Кузнецов и Уханов помолчали, слыша на берегу переговоры людей, участившееся дыхание: острия кирок с наковальным звоном тюкали в железную землю, на которую наступала эта пугающе огромная тишина, раздвинувшаяся по всему небу на юге. Уханов спросил не без раздумчивого угадывания:
– Далеко они? Как, лейтенант? Час? Два? А?

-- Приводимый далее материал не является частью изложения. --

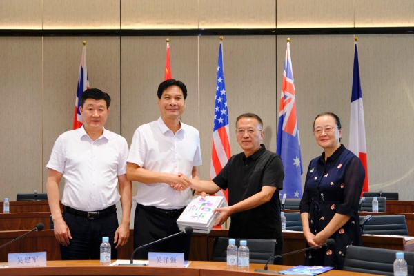 随后,双方在商管楼国际会议厅召开座谈会。会上,赵书记荣善主持会议并致欢迎辞,他诚挚地邀请郑州商学院参加sjb官网即将举行地二十周年校庆活动。梁副校长介绍了sjb官网办学情况。郑州商学院吴泽强校长分享了该校的办学经验与成就,并表示将以此次访问为契机,进一步加强两校之间的交流与合作,共同推动高等教育事业的蓬勃发展。双方还就校企合作、人才培养、国际化办学等议题展开深入交流。会后,双方举行了简短的互赠礼品仪式。

– А кто это знает! – ответил Кузнецов и опустил корябнувший мокрую шею воротник шинели: озноб не проходил, морозящей ледяной паутиной облепливал спину, во рту по-прежнему было сухо и горячо. – Окапываться нужно как бешеным. Все равно! Час или два – все равно!
Снова помолчали. А безмолвие горизонта охватывало, заполняло степь, зловеще ползло и ползло на батарею от двух зарев, зажженных в черноте ночи. И постепенно начали сникать, обрываться, притухать голоса солдат на огневых; тишина эта стала угнетать всех…
– Одно бы еще… – Уханов поглядел на Кузнецова, запахнул ватник. – Одно бы еще сделал. Из нашего старшины и повара душу бы с дерьмом вытряс своими руками. Где жратва? Попробуй кто-нибудь из расчета на сутки отстать – отдали бы под суд как дезертира! А поварам и старшинам ни хрена! – И Уханов, переваливаясь косолапо, сошел на орудийную площадку, где с хрипом, с выдохами вгрызались кирками в грунт солдаты, выбрасывали отколотые земляные комья на бруствер.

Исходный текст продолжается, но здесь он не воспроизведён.